The first fact is that heat energy flows from hotter things to colder things, that is to say, from a higher temperature to alower temperature. And a key detail of this fact is that some materials are more conductive, so heat flows *faster.*
The second fact, and this is the counterintuitive one, is that nether a thermometer or your body can actually sense the temperature of the outside. They can only sense the temperature of themselves.
Your body has nerve sensors for heat and cold, but these cannot tell how hot something is outside the body. They can only tell how hot or cold your fingertip is when you touch something. Did your finger go below expected temperature or did it go above it?

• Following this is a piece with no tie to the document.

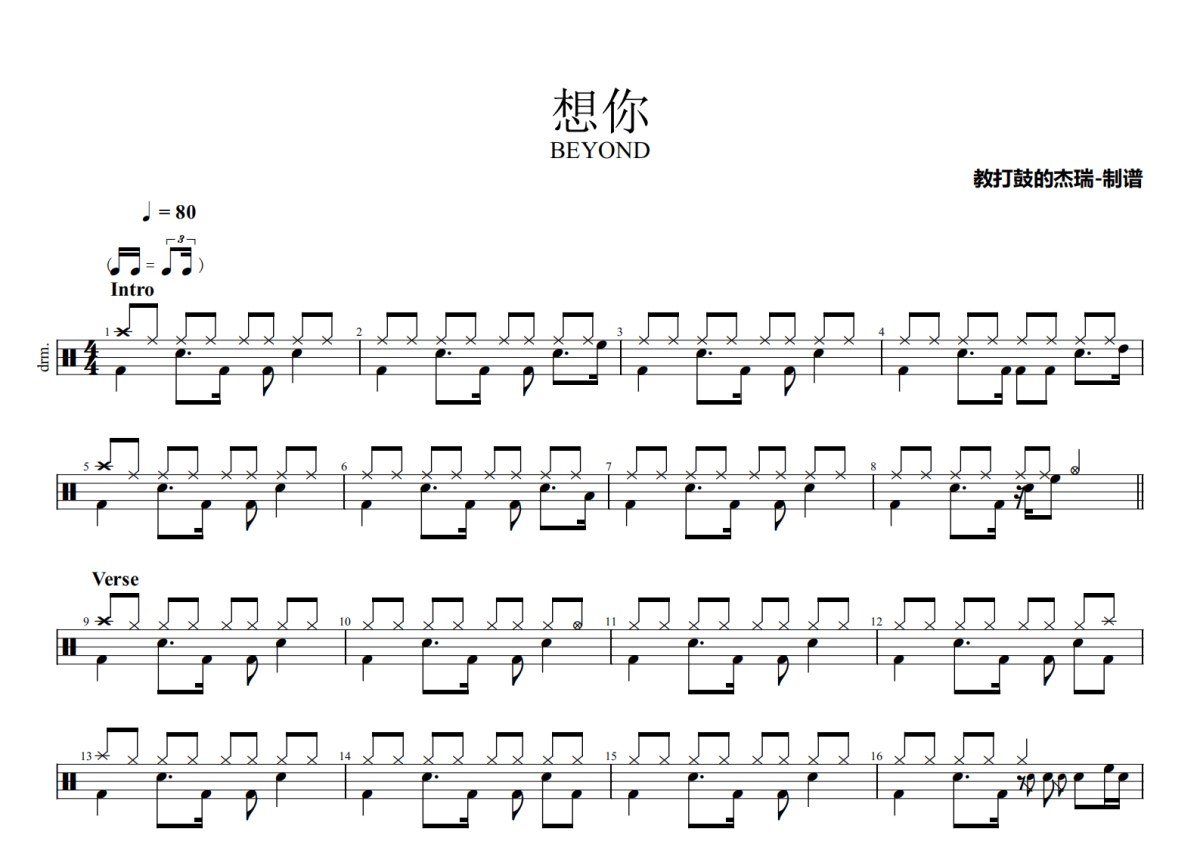 BEYOND《想你》鼓谱 - 架子鼓谱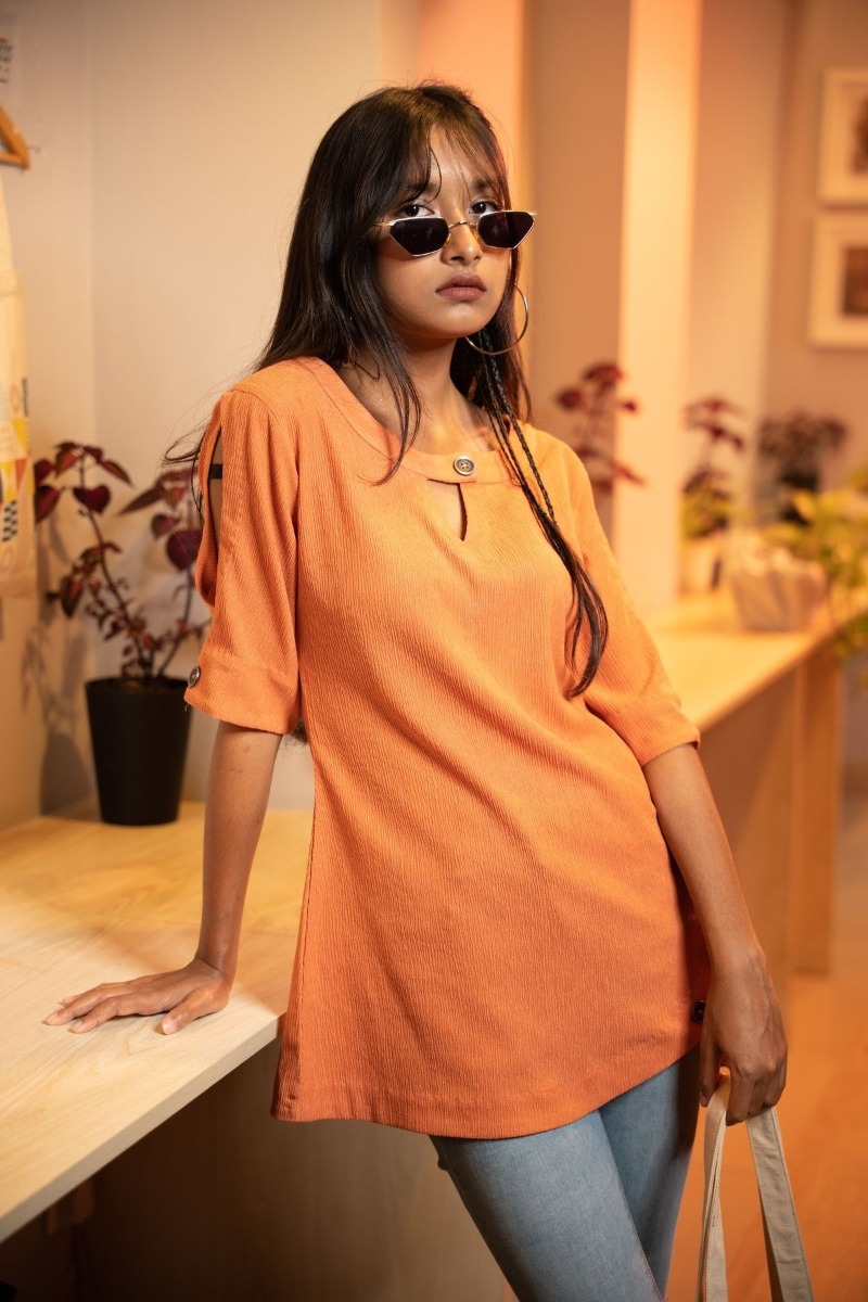 Introducing our "Pumpkin Spice" – a vibrant burst of energy and style that's perfect for the trendsetting teen. Crafted in a luscious shade of orange reminiscent of a summer sunset, this top is designed to turn heads and ignite your fashion sense.

But unlike a thermometer, your body can’t actually let itself reach the temperature of what it’s touching. Pick up an ice cube and your fingertips might drop a few degrees. Your body is immediately working to warm your fingers back up, because blood from the rest of your body is coming in at body temperature. Your body isn’t telling you what the temperature of the ice cube is, it’s actually telling you “we’re losing heat from our fingertips.”
So when you touch something, it’s not so much a measure of what the temperature of the object is, but rather how much heat is entering or exiting your body. And you can see why this is so – if your body wanted until the fingers were frozen to say “yeah that’s actually pretty cold” or waited until they cooked to say “oh that’s hot” it would be a pretty useless alarm. Something feels hot when it’s transferring a lot of heat into you. Something feels cold when it’s transferring a lot of cold away.
How the rate of heat transfer is proportional to the difference in temperature. If something is 10 degrees colder than your skin, it will transfer heat away at twice the rate of something 5 degrees colder than your skin. But something which is 5 degrees colder and twice as conductive as something 10 degrees colder will transfer at the same rate, and thus feel the same.
Metal feels colder than other materials when it’s cooler than your body, because heat leaves your body faster.
But metal also feels *hotter* than other materials when its warmer than your body, because heat *enters* your body faster.
Metal at exactly your skin temperature doesn’t feel like anything, but this is a rare situation.